Scrubbing the Ceiling

Day 2 of monitoring Tate’s flu and fever at home is going well. It’s not great, but nothing new and alarming has happened, and in our chronically stressed out world that counts as a win.

Tate actually woke up feeling worse this morning, but by the afternoon he was doing calculus homework to prepare for school tomorrow. He has class with all three professors that aren’t going to give him a break with absences on Tuesdays and Thursdays, and he is convinced he needs to go so he doesn’t burn up all his allotted days in the first two weeks. We’ll handle tomorrow when tomorrow gets here, and it’s foolishly optimistic, but he might wake up feeling like a new man.

Fever Fighters

Scott spent the night at our house last night instead of his apartment. It was equal parts hang out with Tate time and laundry. Tate loves it when Scott visits; I could hear their voices coming from the back of the house followed by bursts of laughter and then Tate’s coughing.

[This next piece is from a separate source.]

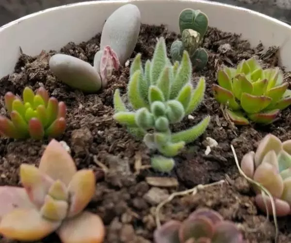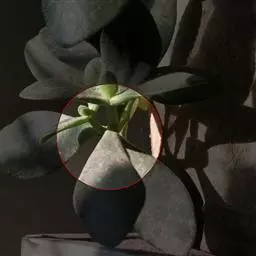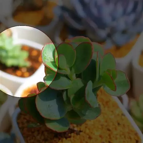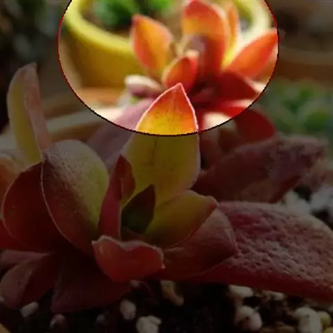 叶子表面宽厚,富肉质感且带有磨纱质感,看像石头质地;开红色小花,生于植株顶部,倒伞形密生,形状像花…

Talk, laugh, cough. Talk, laugh cough.

Tate and I had plans for this long weekend. Normal people doing normal things kind of plans. They were supposed to be fun and relaxing at the same time and spent with very special people. Instead, Tate is enduring a nasty flu and chasing me out of his room every time I enter, and I am literally watching white paint dry while trying not to bother him too much but as often as necessary. I can’t prove it, but I think Scott jumped off the edge of the bathtub in the master bathroom to see if he could touch the ceiling and left a dark hand print 10 feet up. If you know Scott, you can see how leaping through the air to touch the highest point in a room is would seem like a really good idea. After much ceiling scrubbing, priming, and painting, the hand print is gone and the ceiling is a crisp white. (Also a new crisp white are the sleeve of Greg’s robe, a towel, and the back of my arm. I’m a terrible, messy painter. I can see why I left that hand print on the ceiling for three years.)

Dwayne

The clinic was closed today for MLK Day, so Greg will call them tomorrow morning with an update on Tate’s condition and to ask if we need to do anything additional to help him or bring him in to be checked out. By giving him Tylenol every four hours to keep this temperature under control, we have no real way of measuring how he’s doing; checking for fevers was it and that has been muted. The other problem is that we can’t completely trust Tate to tell us he needs help; he does not like going to the hospital – at all – and will do pretty much anything to avoid it. Also, his ability to handle discomfort has become superhuman at this point, so by the time something registers as an emergency in his brain it has probably really bad for much longer than it should have.

It has been calm and mostly quiet, but Greg and I are on edge. We can’t help it. I’m burning my nervous energy doing chores that don’t really need to be done and can be abandoned at a moment’s notice (IE: scrubbing bathroom ceilings). Greg has become an Influenza A expert, reading everything he can find about the flu and possible complications to look out for. Greg’s coping strategies are probably more useful than mine, but every time I google symptoms or medications it’s so scary I crumble inward and cannot see a way forward.

Tate has needed some space today. Every time I went into his room he let me know he needed me to leave. He was never rude about it, but once I was done taking his temperature, giving him his meds, and asking a few questions to see how he was doing, it was clear he wanted to be alone. And poor Tate, we’ll have to check his temperature at least two more times before he goes to bed tonight.